Ciertamente somos conocedores que se mueren nuestros convecinos, pero no siempre tenemos la referencia tan cercana que nos conmueva realmente. Habría que ser macabros, a veces, para conmover, pero es cierto que no todos tenemos casos graves nuestras casas. Esta inconsciencia de una parte de la sociedad resulta calamitosa, pero es cierta. Desgraciadamente los comportamientos de algunos se están llevando por delante la vida de muchos otros, sin percatarse de que son ellos los causantes. Como digo, el contrapunto de la verdad que a veces vives directamente del Covid se encuentra en irresponsabilidades desde lo más alto de la política a lo más bajo y doméstico de la ciudadanía.

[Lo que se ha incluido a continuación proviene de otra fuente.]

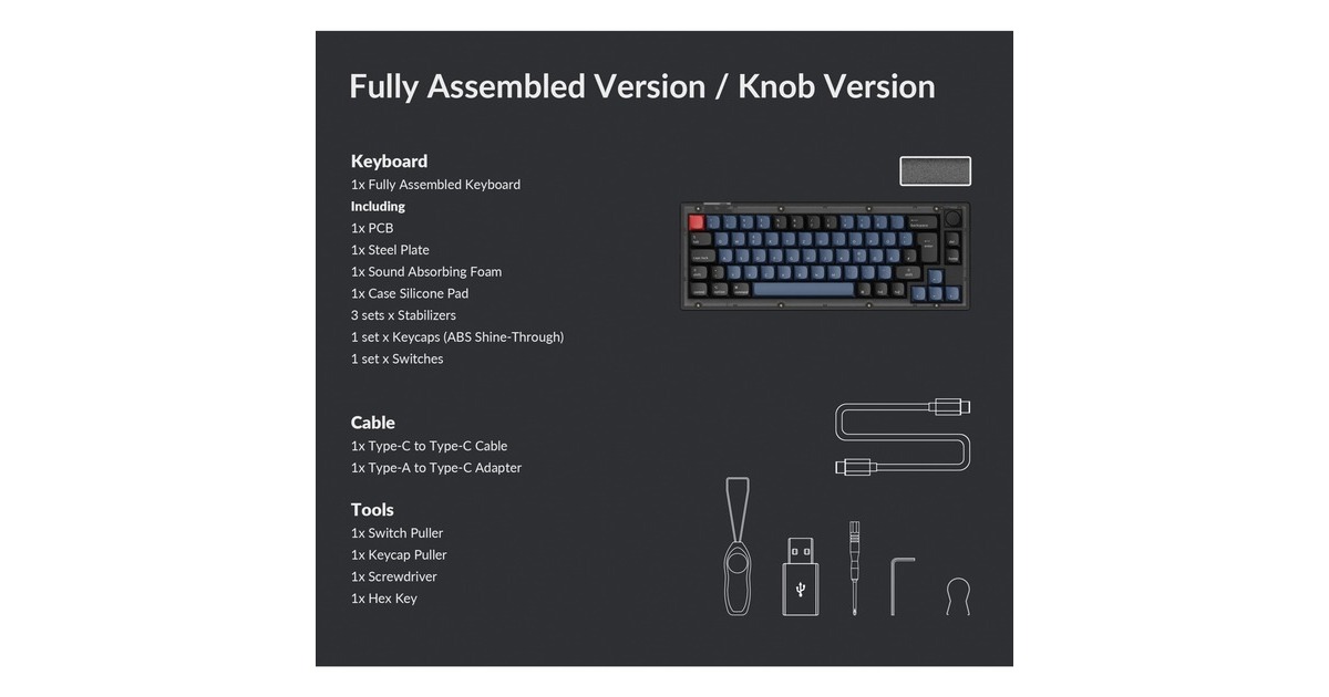 USB-C-Kabel, USB-A auf USB-C-Adapter, Tastenkappenzieher, Schalterabzieher, Schraubendreher, Innensechskantschlüssel |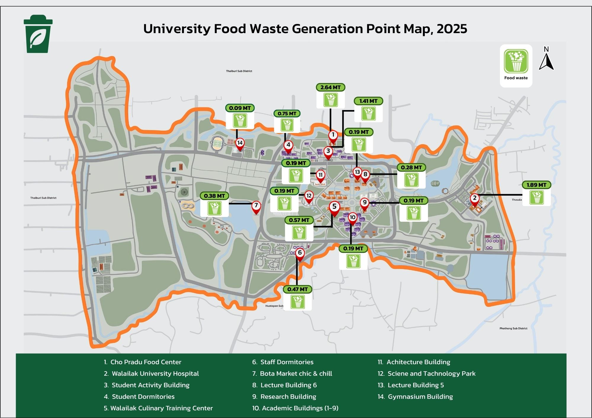 Walailak University generates approximately 9.43 tons of food waste annually, primarily from cafeterias and campus facilities. Food waste is separated at the source with the cooperation of vendors and staff using green bins. The collected food waste is transported to the university farm, where it is utilized as animal feed, thereby reducing landfill disposal and converting waste into useful resources.
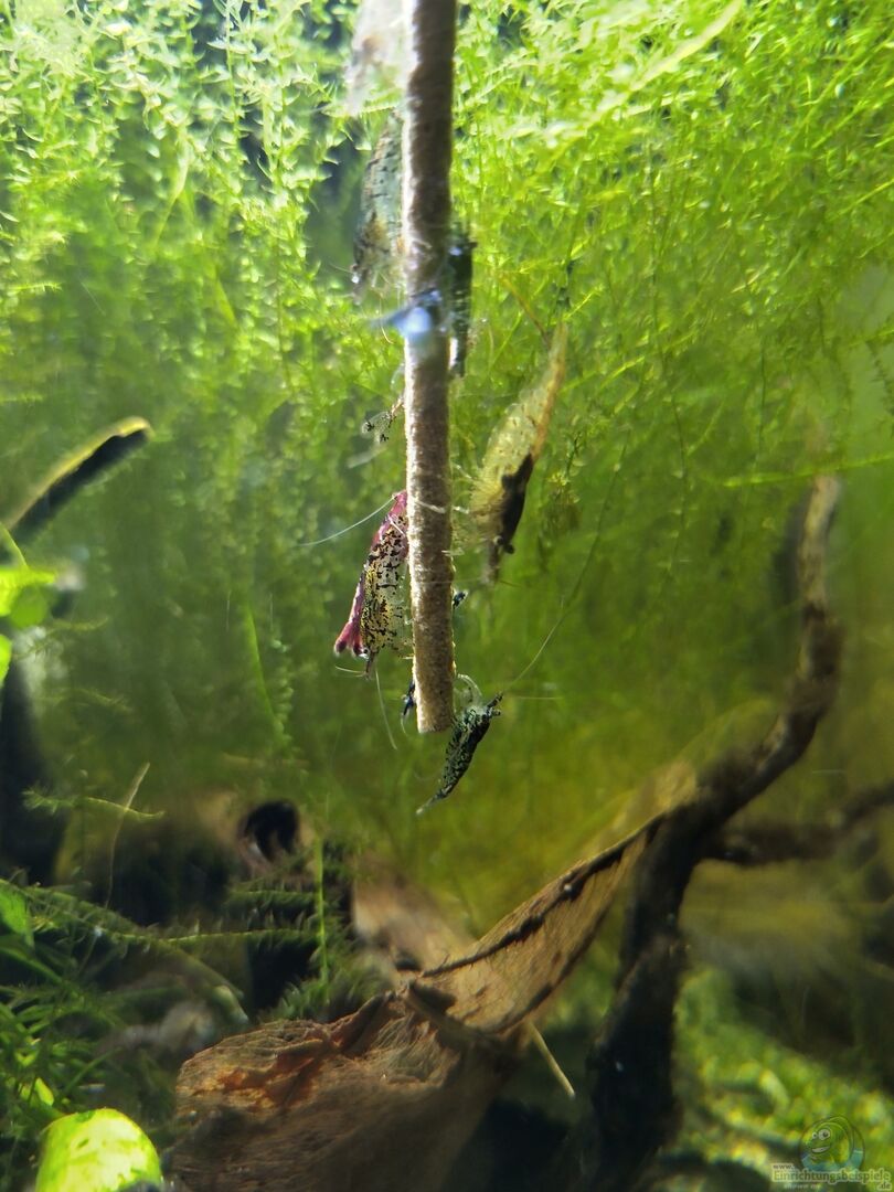 ca. 40-50 Zwerggarnelen in den Farbschlägen gelb, rot blau, orange, Rileys und einige Kreuzungen da ich nicht züchten möchte ist das o.k. 4 Raubschnecken, Anentome helena, kümmern sich um die eingeschleppten Schnecken 3 (1M/2W) Oranger Zwergflusskrebs CPO, harmonieren super mit den Garnelen und leisten gute Dienste bei der Futterverwertung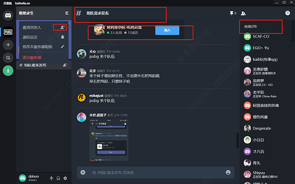 9、那么如果加入服务器,像小编这里随便点击公开服务器中的一个加入,进去后就是服务器的频道列表,右侧可看到海量小伙伴。同时你可以再文字频道中浏览历史信息,与其他用户实时聊天,也可以再语音频道中与其他用户实时语音。如果点击添加的按钮即可生成邀请链接,直接发给朋友们一起加入。

La Tercera Ola que nos embarga no es un fenómeno nuevo ni un episodio inesperado, sino todo lo contrario. Todos sabíamos con certeza desde antes de Navidad que nos esperaba una nueva acometida de extraordinaria intensidad; hemos vivido una primera etapa de confinamiento dramático, de privaciones y angustias con una mortandad espantosa; una segunda secuencia de verano completamente recapituladora del primer estrago. Parece que no fue suficiente para que aprendiéramos la verdad; parece que tenemos continuamente que demostrar que somos seres incapaces de aprender, que debemos tropezar una y otra vez en la misma piedra. Así es. Tampoco son las autoridades políticas el mejor ejemplo de comportamiento en marcar directrices satisfactorias, a pesar de contar con medios científicos, especialistas y asesores; una y otra vez se enfrascan en la confrontación (electoralista) entre partidos: en el tú más…, tú no sabes…, en él déjame a mí…, en el ahora tú, etc.
La consideración que tienen de inmadurez de los ciudadanos es perversa, considerándonos necios e infantiles una y otra vez entre todos (los políticos). Lo malo de la situación, en esta ocasión, es que juegan con nuestras vidas. Las expectativas del periodo del “Puente de la Inmaculada” y Navidades eran estridentes y más que augurar definían estadios subsiguientes de infecciones seguras. Evidentemente no se puede –como dice el refrán– tener costal y castañas; no se puede, ni antes ni después (ni unos ni otros), querer contener la pandemia y favorecer por votos (ni un poquito ni nada) la relación sociales, cuando la mayor parte de la población estaba concienciada del sacrificio. En lo más doméstico, resulta igualmente difícil de entender la irresponsabilidad de las personas que son incapaces de privarse de relaciones sociales de riesgo (que nos matan a todos), apelando a la estulticia (somos amigos de toda la vida…); dejando las autoridades sin sanciones hechos graves (fiestas…).
En la devastada economía, que todos entendemos, también debiéramos comprender que es simple y llanamente la bolsa o la vida. Ahora llega la tercera ola como caída de cielo; como si nadie fuera culpable; se esperaba…, pero parece que no nos hemos comportado bien. Es realmente lamentable el panorama de una muerte anunciada. La esperanza de las vacunaciones –que también tiene su segunda parte– deja durante meses los entresijos de una elevada mortalidad de muchos que no van a poder ya disfrutar de sus vidas. Una vez más se ha impuesto la estulticia al sentido común; una vez más advertimos nuestra incapacidad para entender la Historia, aunque tengamos lecciones delante de los ojos. Ni siquiera teniendo cerca la verdad de la pandemia.